Hikayat Merong Mahawangsa (Jawi: حكاية مروڠ مهاوڠسا ), alternatively spelt Hikayat Marong Mahawangsa and also known as the Kedah Annals, is a Malay literary work that gives a romantic account of the history and tales relating to the Malay kingdom, kingdom of Kedah. The work is thought to have been written in the late 10-11th century and translated in the 19th century. Although it contains historical facts, there are also many incredible assertions in its accounts. The era covered by the text ranged from the opening of Kedah by Merong Mahawangsa, described as a descendant of Dhu al-Qarnayn until the acceptance of Islam.

Summary
The beginning part of the story elaborates on the stories of kings and the founding of their kingdoms based on myths, legends or fantastical folk stories, whether its origins are indigenous or influenced by Hindu or Islamic elements. The annals tells of the forefather of all the Kedahan rulers, Raja Merong Mahawangsa; a king who not only has family ties to the King of the Romans but also the trust of the emperor's dignitaries.

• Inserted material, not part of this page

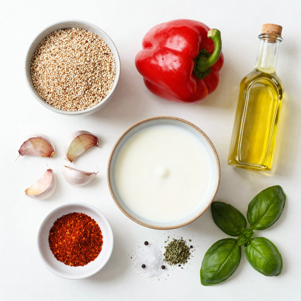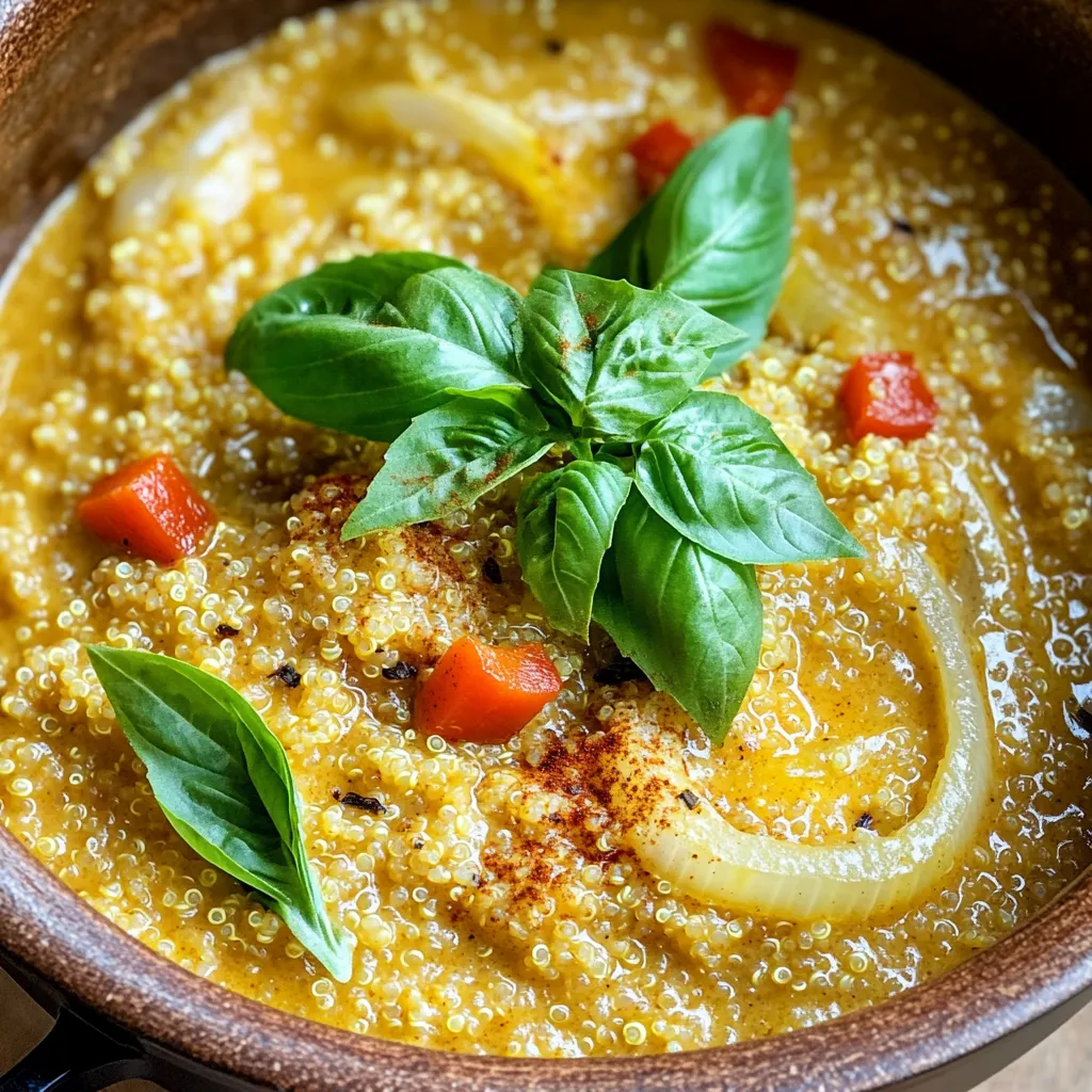 To make this dish, you need: - 1 cup quinoa - 2 cups vegetable broth - 1 large red bell pepper - 1 onion - 3 cloves garlic These main ingredients create a strong base for flavor. Quinoa is healthy and filling. The red bell pepper adds sweetness and color. The onion and garlic give a tasty aroma. For the creamy texture, gather: - 1 cup coconut milk - 1 tablespoon olive oil Coconut milk makes the dish rich and smooth. Olive oil adds a nice depth to the flavor. You will also need: - 1 teaspoon smoked paprika - 1 teaspoon dried oregano - Salt and pepper These seasonings enhance the taste. Smoked paprika gives a warm, smoky flavor. Oregano adds an earthy note. Adjust salt and pepper to your liking. For the final touch, use: - Fresh basil for serving Fresh basil adds a burst of freshness. It also looks great on the plate, making the meal more appealing. 1. Start by heating the olive oil in a large pot over medium heat. 2. Add the finely chopped onion. Sauté it until it turns translucent, which takes about 4-5 minutes. 3. Next, stir in the minced garlic. Cook it for 1 minute until you smell its strong aroma. 4. Now, add the diced red bell pepper. Sauté for 3-4 minutes until it becomes slightly soft. 5. Sprinkle the smoked paprika and dried oregano into the pot. Stir it well to mix the flavors. 1. Pour in the rinsed quinoa and the vegetable broth. Stir everything together so the quinoa spreads out evenly. 2. Bring the mixture to a boil. Once boiling, lower the heat to low. 3. Cover the pot and let it simmer for about 15 minutes. The quinoa should absorb all the liquid and be fully cooked. 1. Once the quinoa is done, take the pot off the heat. 2. Stir in the coconut milk until the quinoa becomes creamy and well mixed. 3. Taste your dish and adjust the seasoning with salt and pepper as you like. 4. Serve your One-Pot Creamy Red Pepper Quinoa hot, garnished with fresh basil. Enjoy! To make the best quinoa, start by rinsing it well. Rinsing removes a bitter coating called saponin. Use a fine mesh strainer and run cold water over the quinoa for 1-2 minutes. This simple step makes a big difference in taste. Next, pay attention to cooking times and heat. After bringing your pot to a boil, lower the heat to simmer. Cover the pot tightly and let it cook for about 15 minutes. This helps the quinoa absorb all the liquid. Once the quinoa is fluffy, it's ready to eat! To boost flavors, think about adding herbs and spices. You can try a pinch of chili powder for heat or some thyme for earthiness. Fresh herbs like parsley or cilantro also add a nice touch. Using homemade vegetable broth is another great tip. It enhances the dish's depth and flavor. If you don't have homemade broth, store-bought works well too, but look for low-sodium options. Pair your creamy quinoa with tasty side dishes. A simple green salad or roasted veggies complement it nicely. You can also serve it with crusty bread for a heartier meal. When it comes to presentation, a sprinkle of fresh basil makes it pop. Serve it in wide bowls for a cozy feel. You might also add a drizzle of olive oil on top for extra richness. {{image_2}} You can boost the protein in this meal easily. Try adding chickpeas or black beans. They add great flavor and texture. You can also grill some chicken or tofu. Both options work well with the creamy quinoa. Feel free to mix up the veggies! You can use green or yellow bell peppers instead of red. They bring a nice color and taste. Adding leafy greens like spinach also works well. Spinach wilts down nicely and adds nutrition. If you want to change the creaminess, you have options. Use different types of coconut milk for a unique flavor. You can also try dairy options like heavy cream or sour cream. Each gives a rich, creamy finish to the dish. To store leftovers, let the quinoa cool down first. Then, place it in an airtight container. This keeps it fresh and tasty. In the fridge, the quinoa lasts up to 4 days. Be sure to check for any signs of spoilage before eating. You can freeze this dish for longer storage. First, let it cool completely. Then, transfer it to a freezer-safe bag or container. Squeeze out any air to prevent freezer burn. The quinoa will stay good for about 3 months. When ready to eat, thaw it in the fridge overnight. When reheating, I recommend using the stovetop. This method helps keep the creamy texture. Add a splash of water or broth to keep it moist. If using a microwave, cover the dish to avoid dryness. Heat in short intervals, stirring often for even warmth. Yes, you can use any type of quinoa. White, red, or black quinoa all work well. Each type has its own flavor and texture. White quinoa cooks faster and is fluffier. Red and black quinoa offer a nutty taste and chewy texture. Just rinse them before cooking to remove any bitter coating. Absolutely! This recipe is already vegan if you use vegetable broth. The coconut milk adds creaminess without dairy. You can also skip any animal products in your side dishes. Enjoy a hearty, plant-based meal that everyone will love. Serve this dish hot, straight from the pot. Garnish with fresh basil for a pop of color. You can also pair it with a light salad or steamed veggies. This meal is filling and can stand alone or be a side dish. Quinoa is done when it is fluffy and the little white tails appear. This means the germ has separated from the seed. It usually takes about 15 minutes of simmering. If there’s still liquid, cook it a bit longer until it's absorbed. Yes! To add heat, include red pepper flakes or diced jalapeños. You can also use a spicy vegetable broth. Adjust the heat to your taste, and enjoy a flavorful twist on this creamy dish. This recipe for One-Pot Creamy Red Pepper Quinoa brings many flavors together. We covered ingredients like quinoa, red bell pepper, and rich coconut milk. I shared steps for cooking and tips for perfect results. You can vary the dish with proteins or different veggies. Store leftovers correctly for future meals
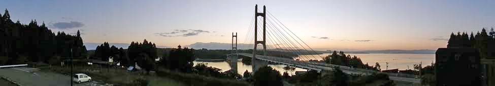 2012/11/4(6:11) 「ツインブリッジのと」。 平成11年(1999)開通。全長1,050m、海上部分の長さ620m。 車道の幅員は6.5mであるが、「七尾西湾」側には幅1.5mの歩道が あり、橋を歩いて渡ることもできる。 写真をよく見ると、橋の下には「猿島」が写っている。 |

The royal fleet of Merong Mahawangsa, on its way of sailing from Rome to China, was suddenly attacked by a legendary giant phoenix called Garuda. He crashed into the shores of what is now Kedah. There, he founded a state called Langkasuka ('Langkha' meaning 'resplendent land' in Sanskrit, while 'sukkha' meaning 'joy' or 'happiness') and became its king. He returned to Rome after his son Raja Merong Mahapudisat was enthroned. Langkasuka eventually changed its name to the Kedah Zamin Turan.

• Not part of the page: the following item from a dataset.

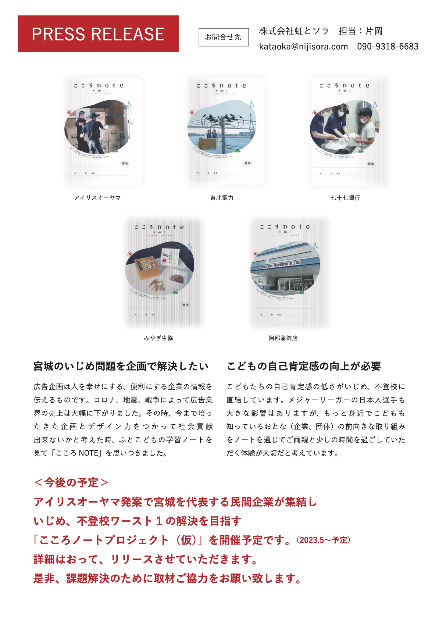 宮城のいじめ、不登校ワースト1の解決を目指す「こころノート」を企画しました。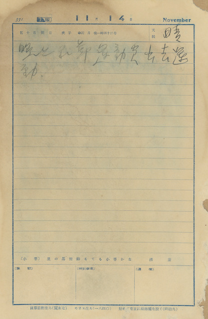 西曆日期:1936/11/14/他類日期:昭和11年11月14日

Guided by the advice given by his father, Mahapudisat would later divide the Kingdom into three; Kingdom of Siam to his eldest son, Kingdom of Perak to his second and Kingdom of Pattani to his youngest. The youngest son succeeded their father as King of Kedah with the title of Raja Seri Mahawangsa. Raja Seri Mahawangsa began the tradition of sending "flowers of gold and silver" as gifts to the Siamese King every time he bore a son.

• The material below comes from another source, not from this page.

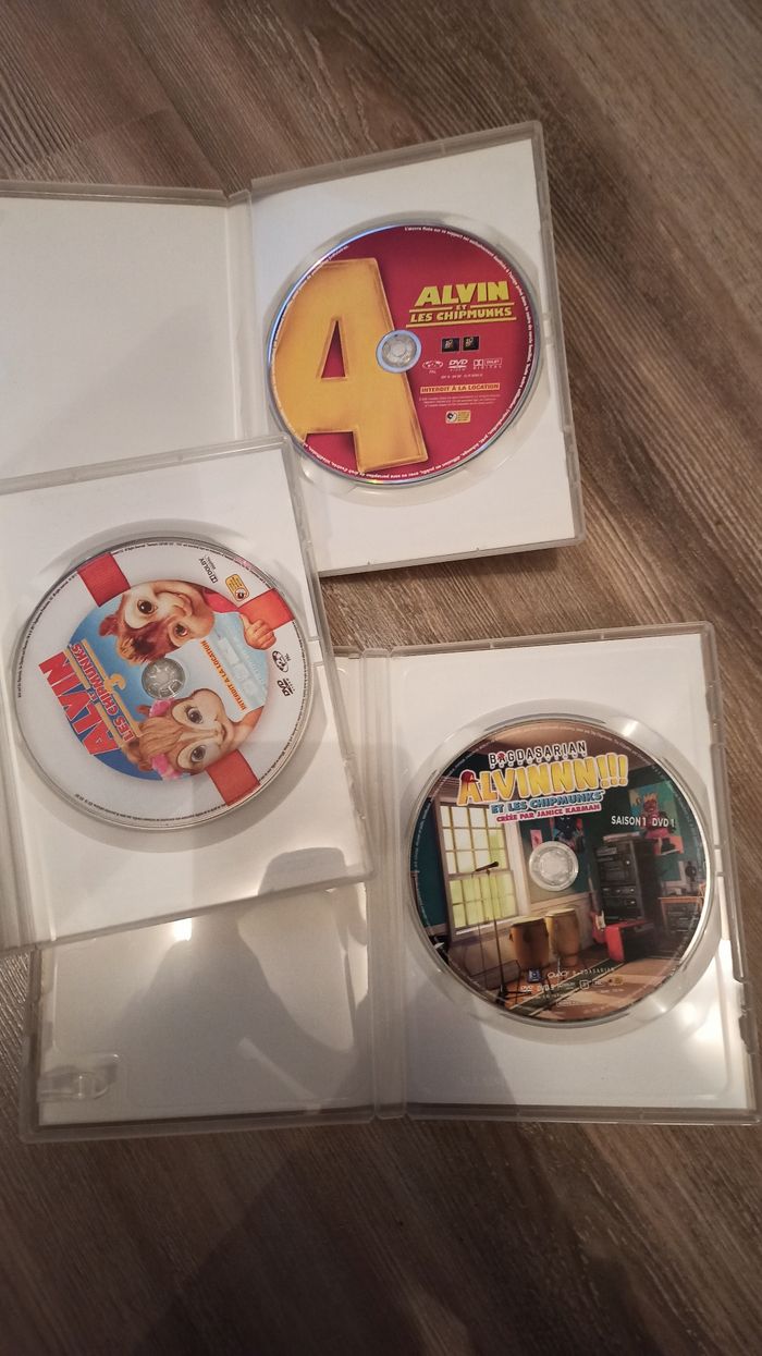 DVD pour jeunes enfants Lot de 3 films Alvin et les chipmunks Boites globalement en TBE CD non vérifiés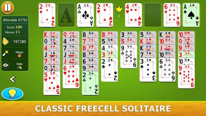 FreeCell Solitaire - Игра на карти е върховната предизвикваща ума игра на пасианс. Насладете се на модерен дизайн, 4 вълнуващи режима и безброй опции за персонализация. Възползвайте се от интуитивна система за помощ с полезни съвети и указания.

Raja Seri Mahawangsa dies of a broken heart upset with his son who was disobedient of the order. His son succeeded him with the title of Raja Seri Inderawangsa. Next in line was Inderawangsa's son Raja Ong Maha Perita Deria, also known as Raja Bersiong, or the Fanged King. When the king was overthrown by his subjects due to his wickedness, his son was enthroned with the title of Raja Phra Ong Mahapudisat. Phra Ong Mahapudisat was succeeded by his son, Raja Phra Ong Mahawangsa who later converted into Islam. Sheikh Abdullah Yamani Mudzafar changed his name to Sultan Mudzafar Shah.

The annals also describe the Chola Empire's trade relations with Kedah, where the Kedah Sultanate sends its tribute to the empire every year and after to the Siam. We still can find the antique and god statue of Chola Dynasty in Kedah. The Kedahan royal family that rules to this day traces their lineages back to Phra Ong Mahawangsa, and thus Merong Mahawangsa.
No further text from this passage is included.